Iconographie d'une prodigieuse complexité et d'une grande richesse - qui mêle le savoir
théologique et la dévotion populaire, la rigueur des Écritures et les inventions de la
piété contemplative des croyants… Elle a nourri tout l'art, encore une fois, de Giotto à
Dürer et à Antonello de Messine, le peintre même dont Romeo Castellucci réutilise
l'image en fond de scène. Ce sont ces images qui, siècle après siècle, ont forgé la
sensibilité de ce que Focillon avait encore le droit d'appeler «l'art d'Occident».
La Derisio
De cette richesse, aujourd'hui, semble ne demeurer effectif qu'un seul registre: la
Derisio. Sarcasme - au sens propre du mot - et dérision sont devenus les deux caractères
essentiels du rapport de l'homme moderne à son semblable. Dans le pire des cas, ce sont
les caricatures grossières du Prophète d'une religion voisine, ou les extravagances de
prétendus créateurs, comme Rodrigo Garcia ou Andres Serrano.
Mais c'est aussi, sournoisement, étendu au commun des jours, diffusé dans la sensibilité
de tout homme en ce début du XXIe siècle, la dérision devenue le trait principal des
rapports humains, singulièrement dans ces exhibitions télévisées où l'on voit - effarés,
déconcertés, humiliés, confrontés aux journalistes des plateaux - comparaître des
hommes politiques, des philosophes, des écrivains… Pour un Giscard d'Estaing qui,
devant Denisot au «Grand Journal» de Canal +, se tire avec humour de cette avilissante
exhibition, combien d'autres s'en sortent humiliés… La dérision règne en France, en
attendant l'épisode à venir, qui sera aussi peu plaisant, je crains, que lorsqu'il était,
jadis, figuré par des grands peintres.
Est-ce donc faire preuve d'intégrisme, ou bien d'intégrité? que vouloir réagir à ces shows
qui sont les formes modernes de l'Ostentatio et de la Derisio? Tout s'équivaut? Tout se
vaut? Pas plus que le Beau et le Laid, le Mal n'existe pas puisqu'il nourrit le Bien - et je
dois donc l'ignorer pour laisser les christianophobes occuper le terrain, à la grâce de
Dieu?
Vous avez dit «Christianophobie» ?
C'est sur L'Enfer de Dante, justement, à propos de la nouvelle traduction de Jacqueline
Risset, qu'Edmond Jabès, en 1991, s'interrogeait sur le sens du grand poème : « Tels
l'enfer et le paradis, écrivait-il, la laideur et la beauté existent, le mal et le bien
existent.» Faut-il douter d'Edmond Jabès?

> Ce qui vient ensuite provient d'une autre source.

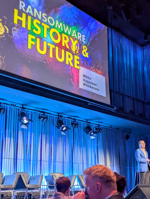 The best speaker by far was Mikko Hypponen, an old hand in the computer security business, and very practiced speaker. I’m not sure how many laptops he’s thrown on the floor in his lifetime, but one went flying that afternoon, and I must admit it’s an effective schtick when you first see it.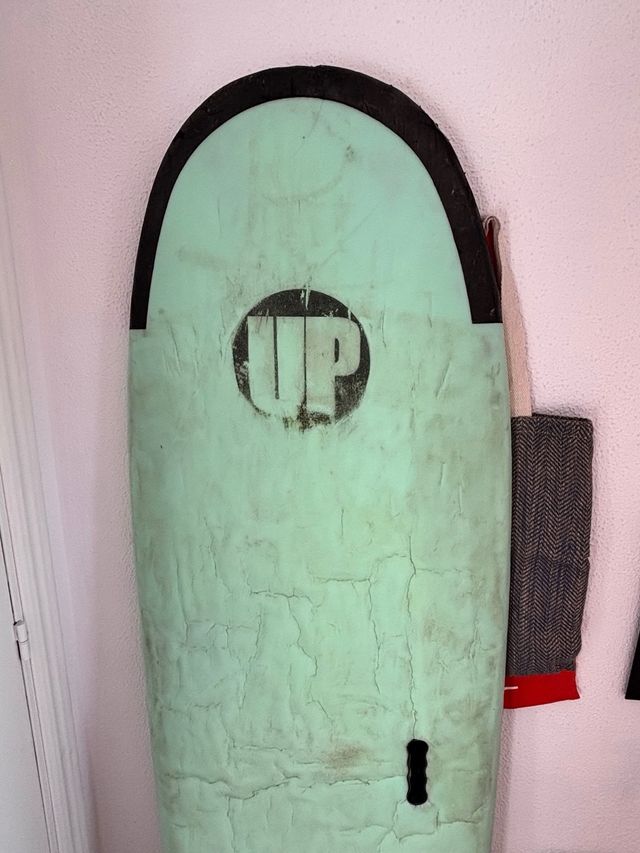 Detalles del productoTabla de surf usada de 6'4" y 44L de volumen. Presenta señales de uso por eso el precio, la tabla es de color verde claro soft.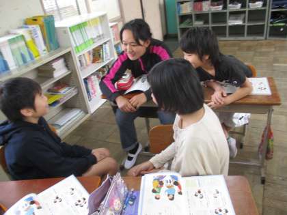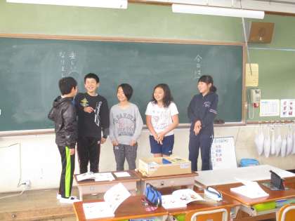 お話づくりをしました。最初の一文と最後の一文は決まっていて,その間のストーリーを考えていきます。自分の番が来るまで,どんな話になっているかがわかりません。なので,瞬時に考え,発表していきます。男子も女子も,とても盛り上がりました。笑い転げるほど,面白かったです。笑いのセンスもバッチリです。
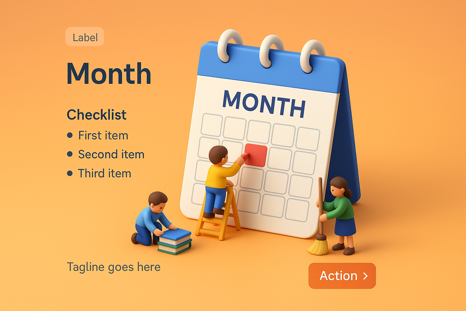 /Collection: /by davooda/Type: PNG/A vibrant 3D scene depicting tiny characters interacting with a calendar. The playful environment showcases a checklist with colorful elements, emphasizing the theme of 'month'.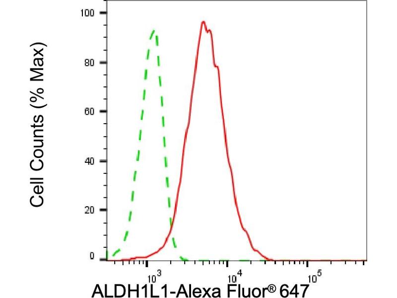 The Mouse Monoclonal anti-ALDH1L1 antibody is suitable to detect ALDH1L1 in samples from Human. It has been validated for WB and FACS.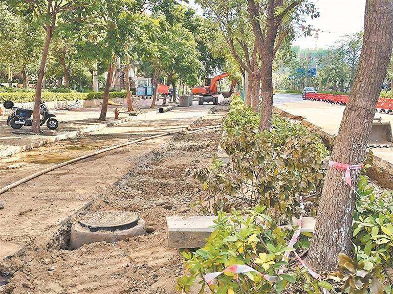 记者走访看到,东海泰禾首玺小区正大门前的大兴街已经整段被挖开,身着水务集团工作服的工作人员正在现场作业。而在通港西街宝珊花园小区前,两侧的人行道也已破开,工地旁进行了围挡,现场告示牌写着:“彩虹沟排口应急整治项目正在进行中,9月8日开始到10月30日完成。”通港西街及大兴街等路段的改造正是属于彩虹沟两侧截污改造工程路段。

«L'Homme - Dieu soumis au supplice vil de la Crucifixion a été au centre de ce qu'on a
appelé “la querelle des images”. Byzance s'est déchirée des siècles, pour savoir s'il
fallait représenter le Christ ou s'il fallait ne représenter que la Croix, emblème
aniconique»
«C'est aussi, sournoisement, étendu au commun des jours, diffusé dans la sensibilité de
tout homme en ce début du XXIe siècle, la dérision devenue le trait principal des
rapports humains, singulièrement dans ces exhibitions télévisées où l'on voit - effarés,
déconcertés, humiliés, confrontés aux journalistes des plateaux - comparaître des
hommes politiques, des philosophes, des écrivains…»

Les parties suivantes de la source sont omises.